Métro d’Abidjan / Un chantier de grande ampleur qui transforme peu à peu la capitale

Les travaux du métro d’Abidjan se poursuivent sur l’axe qui reliera Anyama à l’aéroport international Félix-Houphouët-Boigny. Avec ses 37 kilomètres de tracé et ses ouvrages d’art en construction, cette première ligne s’impose comme l’un des projets d’infrastructures les plus importants jamais lancés dans la capitale économique. Elle intervient dans un contexte de forte croissance démographique et de besoins croissants en mobilité urbaine.

Le financement du projet repose largement sur la coopération entre la Côte d’Ivoire et la France. Les conventions signées avec le Trésor français représentent près de 870 milliards FCFA. À cela s’ajoutent des prêts destinés à l’achat des trains fabriqués par Alstom. Le coût total du projet, selon les estimations officielles et les publications récentes, oscille entre 1,3 et 1,8 milliard d’euros. Le chantier est réalisé par un consortium d’entreprises françaises, chargé aussi bien des infrastructures que des futurs équipements d’exploitation.
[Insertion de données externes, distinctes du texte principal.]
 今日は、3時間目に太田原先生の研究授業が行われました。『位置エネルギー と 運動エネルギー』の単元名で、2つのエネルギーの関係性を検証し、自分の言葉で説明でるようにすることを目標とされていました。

Sur le plan économique, les retombées attendues sont considérables. Le métro devrait transporter plus d’un demi-million de passagers par jour et contribuer à alléger la circulation sur des axes quotidiennement saturés. Les autorités mettent aussi en avant les bénéfices environnementaux, liés à la réduction des émissions polluantes et au remplacement progressif de certains déplacements routiers. Le projet génère des emplois dans plusieurs secteurs et pourrait dynamiser l’activité commerciale autour des stations à venir.
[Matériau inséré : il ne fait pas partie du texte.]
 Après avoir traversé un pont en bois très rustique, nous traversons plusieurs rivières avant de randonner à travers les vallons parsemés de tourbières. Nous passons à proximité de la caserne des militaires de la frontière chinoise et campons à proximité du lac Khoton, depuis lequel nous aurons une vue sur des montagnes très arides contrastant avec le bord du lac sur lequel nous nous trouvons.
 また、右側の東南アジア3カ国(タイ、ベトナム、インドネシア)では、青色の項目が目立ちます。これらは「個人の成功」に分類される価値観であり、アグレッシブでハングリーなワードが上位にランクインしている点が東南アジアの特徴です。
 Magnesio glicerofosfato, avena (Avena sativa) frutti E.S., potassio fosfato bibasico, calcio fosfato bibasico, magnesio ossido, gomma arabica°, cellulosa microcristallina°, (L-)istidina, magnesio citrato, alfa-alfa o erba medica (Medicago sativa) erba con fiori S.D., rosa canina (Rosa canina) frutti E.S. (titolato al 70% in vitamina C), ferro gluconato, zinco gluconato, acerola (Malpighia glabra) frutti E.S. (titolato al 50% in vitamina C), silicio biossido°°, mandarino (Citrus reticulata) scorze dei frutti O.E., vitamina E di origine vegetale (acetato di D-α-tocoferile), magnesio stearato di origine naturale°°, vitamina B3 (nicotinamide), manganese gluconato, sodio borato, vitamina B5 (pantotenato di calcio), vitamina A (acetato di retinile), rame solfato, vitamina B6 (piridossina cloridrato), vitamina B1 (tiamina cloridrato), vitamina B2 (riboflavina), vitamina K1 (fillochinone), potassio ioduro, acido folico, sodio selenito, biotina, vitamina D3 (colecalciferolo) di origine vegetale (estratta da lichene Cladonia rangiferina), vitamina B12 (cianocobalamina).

Cette transformation s’accompagne cependant de défis sociaux. Plus de 13 000 personnes sont concernées par les déguerpissements nécessaires à la libération des emprises. Les autorités affirment avoir procédé aux indemnisations conformément aux textes en vigueur, mais certains habitants estiment que les montants proposés ne couvrent pas totalement les pertes subies. Dans plusieurs quartiers, la réorganisation des espaces, la disparition de zones d’activités informelles et les déplacements forcés créent des situations difficiles pour de nombreuses familles.

Le métro d’Abidjan apparaît ainsi comme une infrastructure majeure, capable de remodeler durablement le fonctionnement de la ville. Son succès dépendra de sa bonne intégration au réseau existant, mais aussi de la capacité à accompagner les populations affectées et à garantir une répartition équitable des bénéfices liés au projet.

En parallèle, le développement du réseau routier reste un enjeu essentiel. La réhabilitation des voies urbaines, des routes secondaires et des grands axes régionaux demeure indispensable pour renforcer la mobilité et soutenir la croissance économique du pays.